Looking good, Ron. You need to get your focus on the eyes, though. Try using center focus as it will come out nice and crisp.


----------



## Rusty_Shackleford (Sep 2, 2010)

The blue trunc is smoking hot!


----------



## skylsdale (Sep 16, 2007)

stemcellular said:


> Looking good, Ron. You need to get your focus on the eyes, though. Try using center focus as it will come out nice and crisp.


I know...but I'm working with a point-and-shoot with the AV set way down and on auto-focus. When I'm doing this I have the camera in one hand and a spotlight in the other and trying to snap a picture before the subject attempts to hop away...which it inevitably does.
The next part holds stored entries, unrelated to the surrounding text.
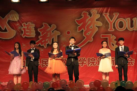 12月17号晚,我院“心连新·梦飞Young”迎新晚会在积学堂顺利举行。党委学工部副部长(学生处副处长)库来西、学院院长冯建新、党总支书记郑生忠、党总支副书记窦文阳、团总支书记萨仁娜以及部分教师代表、辅导员老师与全体学生一同观看了演出。据悉,今年的"心连新·梦飞Young"晚会历时近一个月的筹备工作,院团总支经过层层筛选,严格把关,最终确定17个各具特色的精品节目展现在本场晚会的舞台上。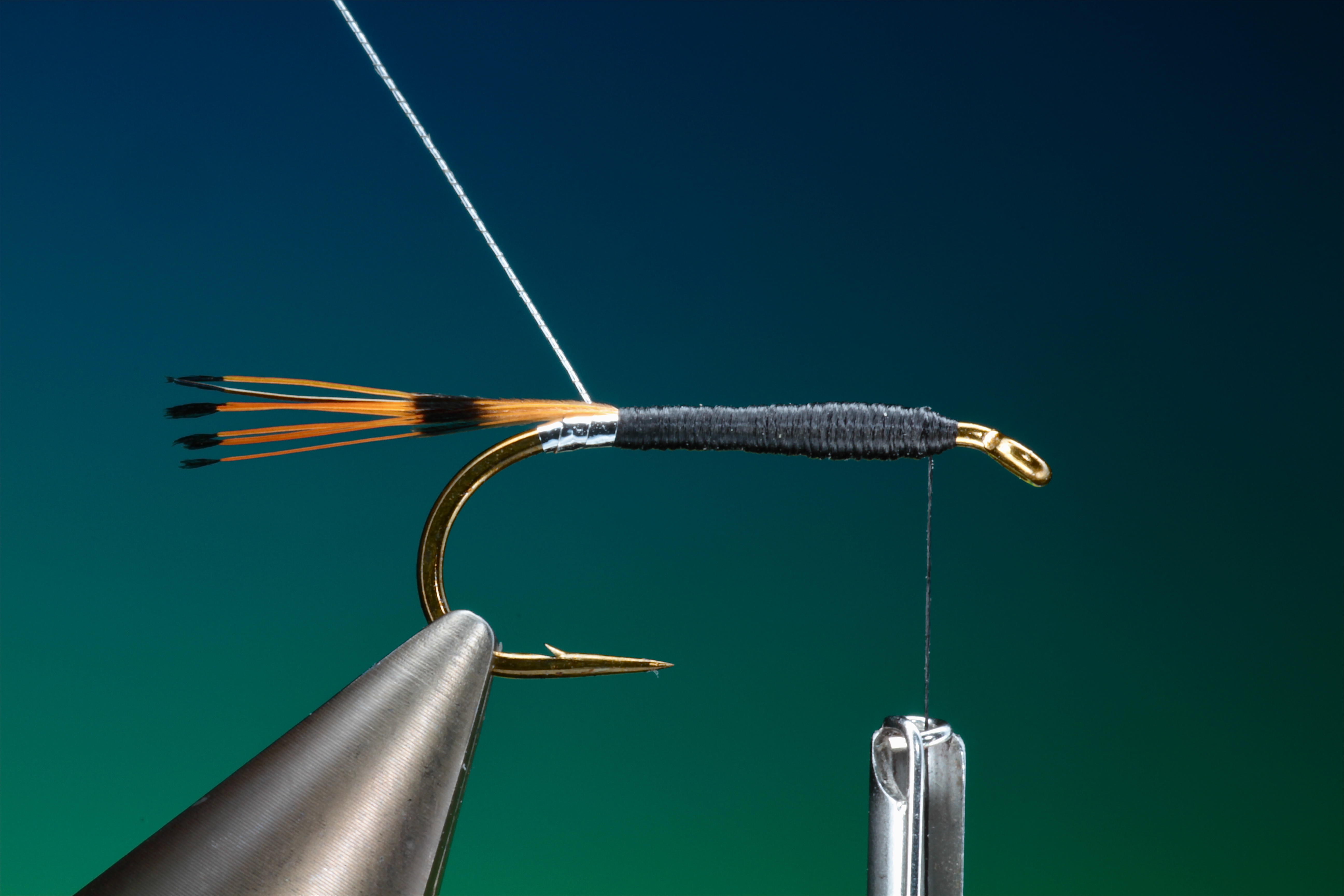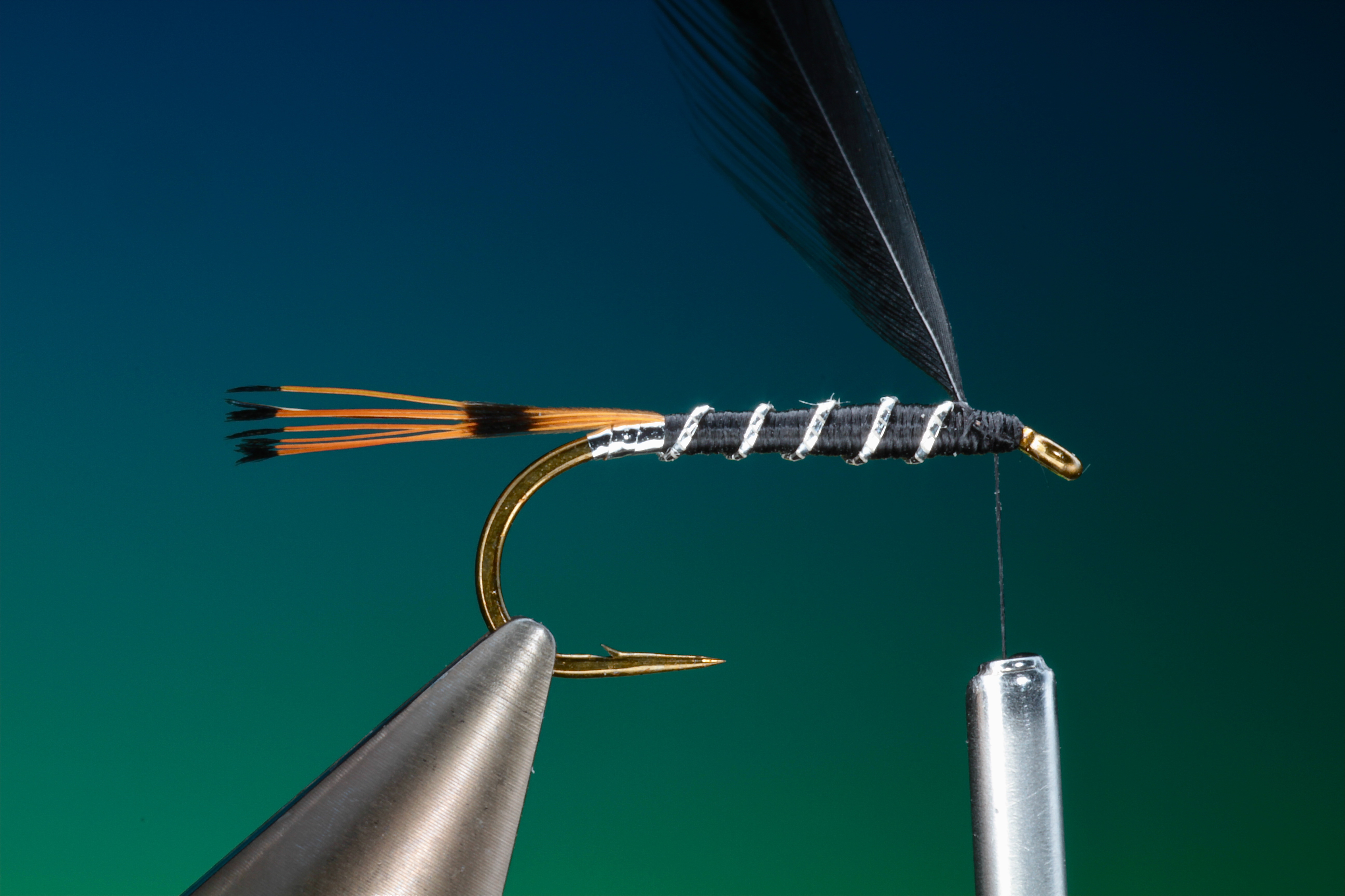 Select and prepare a long fibered black cock hackle and tie in where the tinsel finishes. Wind your tying thread forward to just behind the hook eye.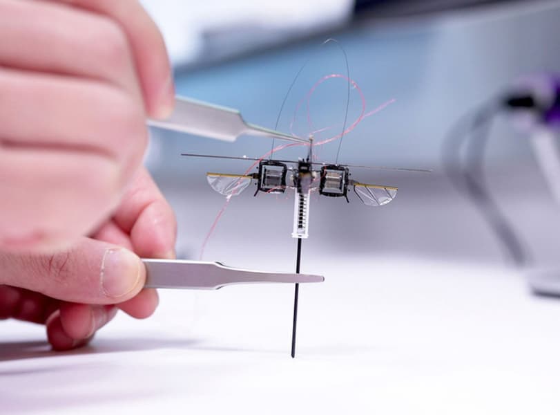Инженеры из Массачусетского технологического института разрабатывают крошечного робота, похожего на пчелу. Он умеет зависать в воздухе, быстро махать крыльями и, в будущем, сможет выполнять искусственное опыление в теплицах или даже на других планетах.

So I have to reposition it, grab the camera, grab the light, sometimes accidentally hit a button on the camera, click back to the menu...crap, there goes the frog...grab the frog, make it stay, pick the light back up, grab camera, move in for a close-up...dang it, there goes the frog again...

So yeah, always getting it to focus on the eye can be difficult. The irritating part is that the little square that pops up on the screen to indicate the focus point is almost always on the eye, but when I bring them up on my computer, I can clearly see the the point was on the back leg. By that point I've already put the frog back in the tank and don't want to put them under too much more stress.


----------



## Azurel (Aug 5, 2010)

With all of that going on and still getting wonderful pics.....Kudos.


----------



## RedEyeTroyFrog (Jan 25, 2008)

Fantastic Thread, great photos


----------



## stemcellular (Jun 26, 2008)

skylsdale said:


> I know...but I'm working with a point-and-shoot with the AV set way down and on auto-focus. When I'm doing this I have the camera in one hand and a spotlight in the other and trying to snap a picture before the subject attempts to hop away...which it inevitably does. So I have to reposition it, grab the camera, grab the light, sometimes accidentally hit a button on the camera, click back to the menu...crap, there goes the frog...grab the frog, make it stay, pick the light back up, grab camera, move in for a close-up...dang it, there goes the frog again...
> 
> So yeah, always getting it to focus on the eye can be difficult. The irritating part is that the little square that pops up on the screen to indicate the focus point is almost always on the eye, but when I bring them up on my computer, I can clearly see the the point was on the back leg. By that point I've already put the frog back in the tank and don't want to put them under too much more stress.


Its called a headlamp, Ron. Works wonders!


----------



## JL-Exotics (Nov 10, 2005)

Fantastic shots Ron. If you have a Tap Plastics or something similar in your area you can swing by and pick through the scraps table and find yourself a nice piece of white polyethylene. They have a nice white, but not glossy, finish that is perfect for projects such as this. Grab a piece of black poly too, you should be able to find something with a flat finish to eliminate glare. A nice small scrap will only cost you a couple bucks and they are easy to sterilize between subjects too. Keep up the good work - and let me know when you have some of the old line peruvian vents available. I'd love to pick some up from you.


----------



## VicSkimmr (Jan 24, 2006)

skylsdale said:


> I know...but I'm working with a point-and-shoot with the AV set way down and on auto-focus. When I'm doing this I have the camera in one hand and a spotlight in the other and trying to snap a picture before the subject attempts to hop away...which it inevitably does. So I have to reposition it, grab the camera, grab the light, sometimes accidentally hit a button on the camera, click back to the menu...crap, there goes the frog...grab the frog, make it stay, pick the light back up, grab camera, move in for a close-up...dang it, there goes the frog again...
> 
> So yeah, always getting it to focus on the eye can be difficult. The irritating part is that the little square that pops up on the screen to indicate the focus point is almost always on the eye, but when I bring them up on my computer, I can clearly see the the point was on the back leg. By that point I've already put the frog back in the tank and don't want to put them under too much more stress.


You might be too close to the frog. The camera has a minimum focus distance and if you get inside it, you'll end up missing and will focus on something behind it (usually the background).

Also, if you're shooting with a shallow depth of field (dependent on how far you're zoomed in) and you're hand holding the camera... you could be focusing on the eye to start with but by clicking the camera button you inadvertently move forward just a hair, causing you to miss the focus.

Putting the camera on a tripod and using the 2 second timer feature is a great way to overcome that issue, and it insures that you won't have any soft shots from camera movement.


They're still fantastic pics, but yeah missing the focus on the eye kills me. If they weren't already good I wouldn't bother giving any constructive criticism


----------